Cobalt is a chemical element with the symbol Co and atomic number 27. Like nickel, cobalt is found in the Earth’s crust only in chemically combined form, save for small deposits found in alloys of natural meteoric iron. The free element, produced by reductive smelting, is a hard, lustrous, silver-gray metal.
Cobalt-based blue pigments (cobalt blue) have been used since ancient times for jewelry and paints, and to impart a distinctive blue tint to glass, but the color was later thought to be due to the known metal bismuth. Miners had long used the name kobold ore (German for goblin ore) for some of the blue-pigment-producing minerals; they were so named because they were poor in known metals, and gave poisonous arsenic-containing fumes when smelted. In 1735, such ores were found to be reducible to a new metal (the first discovered since ancient times), and this was ultimately named for the kobold.
Today, some cobalt is produced specifically from one of a number of metallic-lustered ores, such as cobaltite (CoAsS). The element is, however, more usually produced as a by-product of copper and nickel mining. The copper belt in the Democratic Republic of the Congo (DRC) and Zambia yields most of the global cobalt production. World production in 2016 was 116,000 tonnes (according to Natural Resources Canada), and the DRC alone accounted for more than 50%.

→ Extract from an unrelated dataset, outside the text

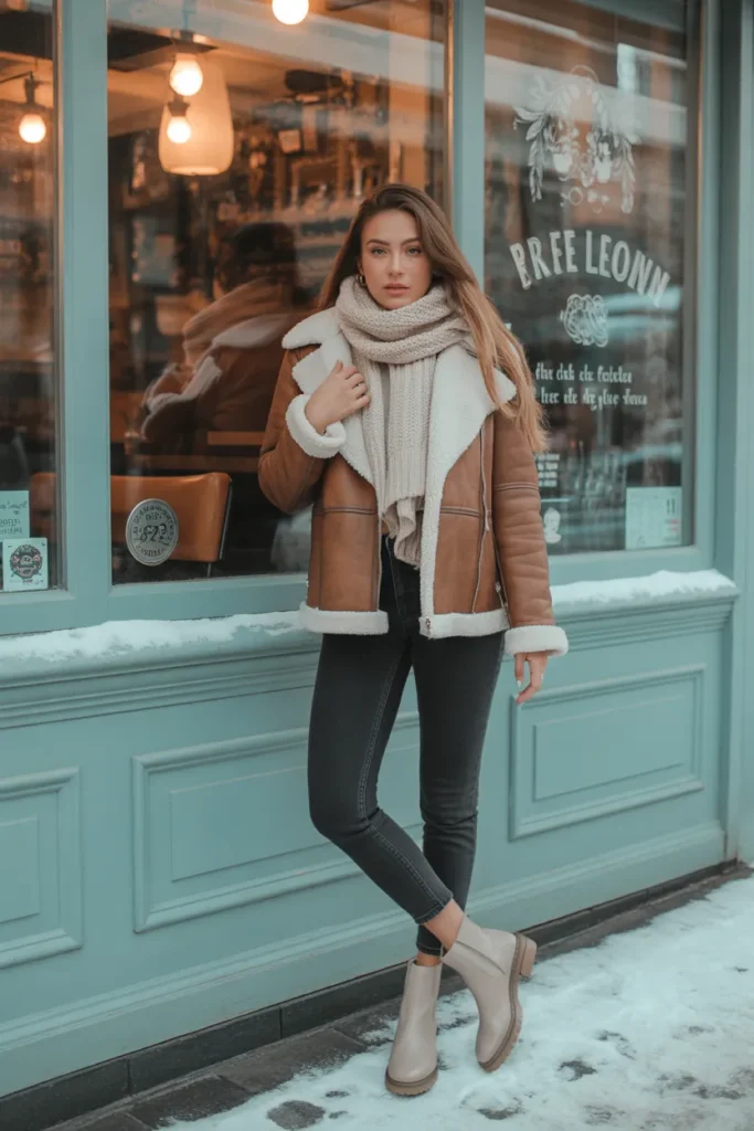 ❄️ 17. Brown Shearling Jacket + Skinny Jeans + Ankle Boots

Cobalt is primarily used in lithium-ion batteries, and in the manufacture of magnetic, wear-resistant and high-strength alloys. The compounds cobalt silicate and cobalt(II) aluminate (CoAl2O4, cobalt blue) give a distinctive deep blue color to glass, ceramics, inks, paints and varnishes. Cobalt occurs naturally as only one stable isotope, cobalt-59. Cobalt-60 is a commercially important radioisotope, used as a radioactive tracer and for the production of high-energy gamma rays.

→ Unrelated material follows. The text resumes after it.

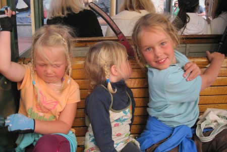 The tent is already packed up when it starts to rain. We quickly cover the kids with the tarp. What an excitement.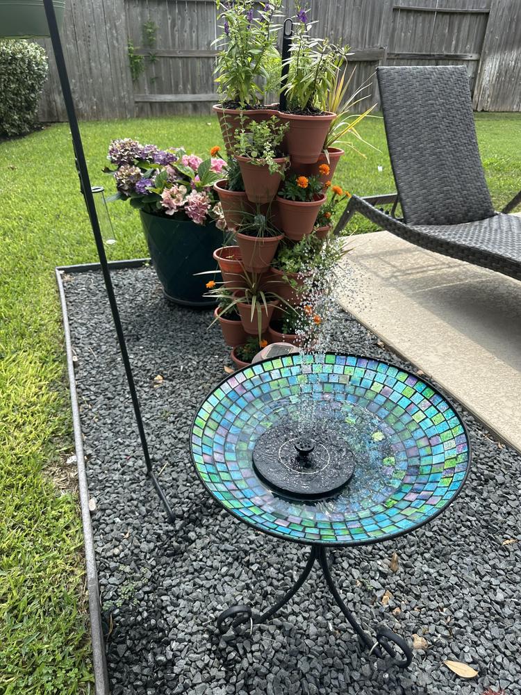 Blue & Green Mosaic Tile Glass Birdbath with Folding Metal S

Cobalt is the active center of a group of coenzymes called cobalamins. Vitamin B12, the best-known example of the type, is an essential vitamin for all animals. Cobalt in inorganic form is also a micronutrient for bacteria, algae, and fungi.
Cobalt is a ferromagnetic metal with a specific gravity of 8.9. The Curie temperature is 1,115 °C (2,039 °F) and the magnetic moment is 1.6–1.7 Bohr magnetons per atom. Cobalt has a relative permeability two-thirds that of iron. Metallic cobalt occurs as two crystallographic structures: hcp and fcc. The ideal transition temperature between the hcp and fcc structures is 450 °C (842 °F), but in practice the energy difference between them is so small that random intergrowth of the two is common.
Cobalt is a weakly reducing metal that is protected from oxidation by a passivating oxide film. It is attacked by halogens and sulfur. Heating in oxygen produces Co3O4 which loses oxygen at 900 °C (1,650 °F) to give the monoxide CoO. The metal reacts with fluorine (F2) at 520 K to give CoF3; with chlorine (Cl2), bromine (Br2) and iodine (I2), producing equivalent binary halides. It does not react with hydrogen gas (H2) or nitrogen gas (N2) even when heated, but it does react with boron, carbon, phosphorus, arsenic and sulfur. At ordinary temperatures, it reacts slowly with mineral acids, and very slowly with moist, but not with dry, air.
Oxygen and chalcogen compounds
Several oxides of cobalt are known. Green cobalt(II) oxide (CoO) has rocksalt structure. It is readily oxidized with water and oxygen to brown cobalt(III) hydroxide (Co(OH)3). At temperatures of 600–700 °C, CoO oxidizes to the blue cobalt(II,III) oxide (Co3O4), which has a spinel structure. Black cobalt(III) oxide (Co2O3) is also known. Cobalt oxides are antiferromagnetic at low temperature: CoO (Néel temperature 291 K) and Co3O4 (Néel temperature: 40 K), which is analogous to magnetite (Fe3O4), with a mixture of +2 and +3 oxidation states.
The principal chalcogenides of cobalt include the black cobalt(II) sulfides, CoS2, which adopts a pyrite-like structure, and cobalt(III) sulfide (Co2S3).